Does a bank have a duty of care to disclose information about the risk of investment prior to approving a loan?

California, United States of America


The following excerpt is from SEST Consulting, Inc. v. Wachovia Bank, B195750 (Cal. App. 12/21/2007), B195750 (Cal. App. 2007):

In order for liability to exist under these circumstances, the bank must have "actively participated" in the transaction such that the financing took on ramifications beyond the usual money lenders' domain. (Wagner v. Benson, supra, 101 Cal.App.3d at pp. 34-35 [defendant was not under a duty to disclose information about the risk of investment prior to approving loan to inexperienced investors because the lender did not have extensive control and share of profits but rather participated only in protecting its security interest in the loan collateral].) But if a lender departs from the normal role of lending funds, for example, by exercising extensive control in the transaction or sharing in profits, such "active participation" may be sufficient to impose a duty of care. (Ibid.) However, the bank's alleged participation in this case is that it reviewed documents for approval of the loan assumption.
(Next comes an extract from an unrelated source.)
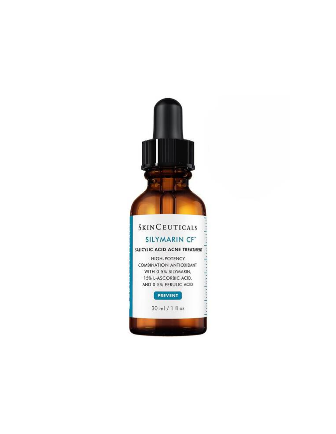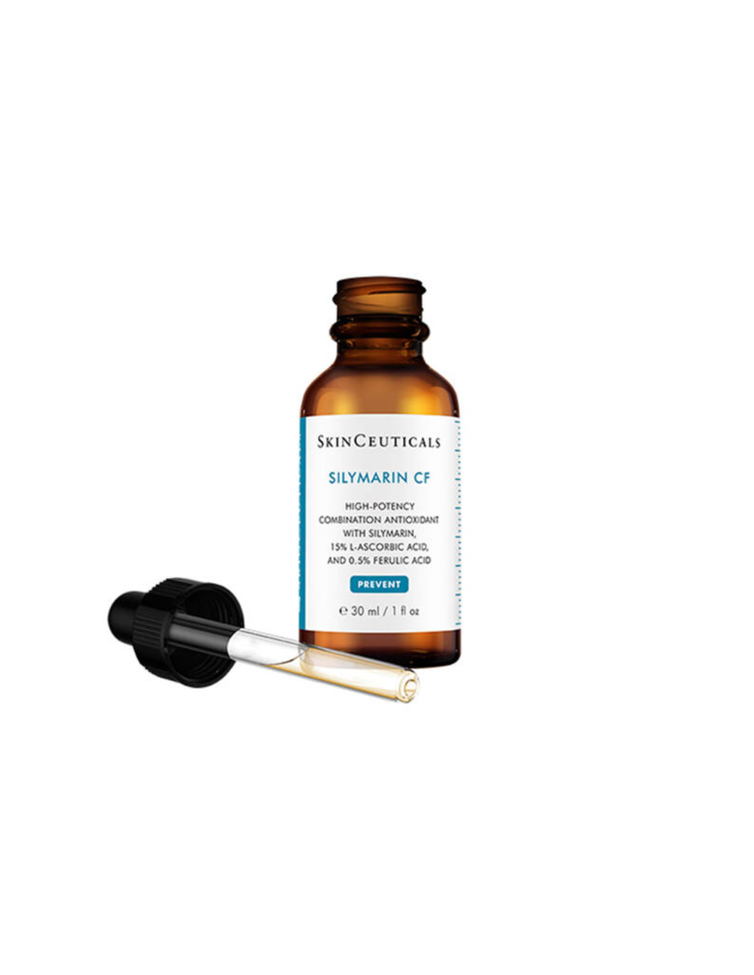 SkinCeuticals Silymarin CF es un sérum antioxidante oil-free con 15% de vitamina C pura (ácido L-ascórbico), 0.5% de silimarina (extracto de cardo mariano), 0.5% de ácido ferúlico y 0.5% de ácido salicílico. Formulado específicamente para pieles grasas y con tendencia acnéica, reduce la oxidación del sebo (-76%), minimiza los poros, las imperfecciones y las líneas finas, y previene el envejecimiento prematuro causado por radicales libres ambientales. Mejora la textura, aporta claridad y luminosidad, y refuerza la barrera cutánea. Clínicamente probado: reduce el sebo y brillos desde la primera semana. Textura fluida de rápida absorción, sin residuo graso. Ideal como primer paso antiedad en rutinas para pieles mixtas/grasas adultas.

There are no allegations the bank acted in any capacity beyond the domain of a mere lender. There are no extraordinary or special facts showing the bank stepped out of its capacity in processing the loan application such that a duty of care was required. Therefore, the demurrers to the seventh, eighth, ninth, and twelfth causes of action were correctly sustained on the ground the bank owed no duty of care to plaintiff.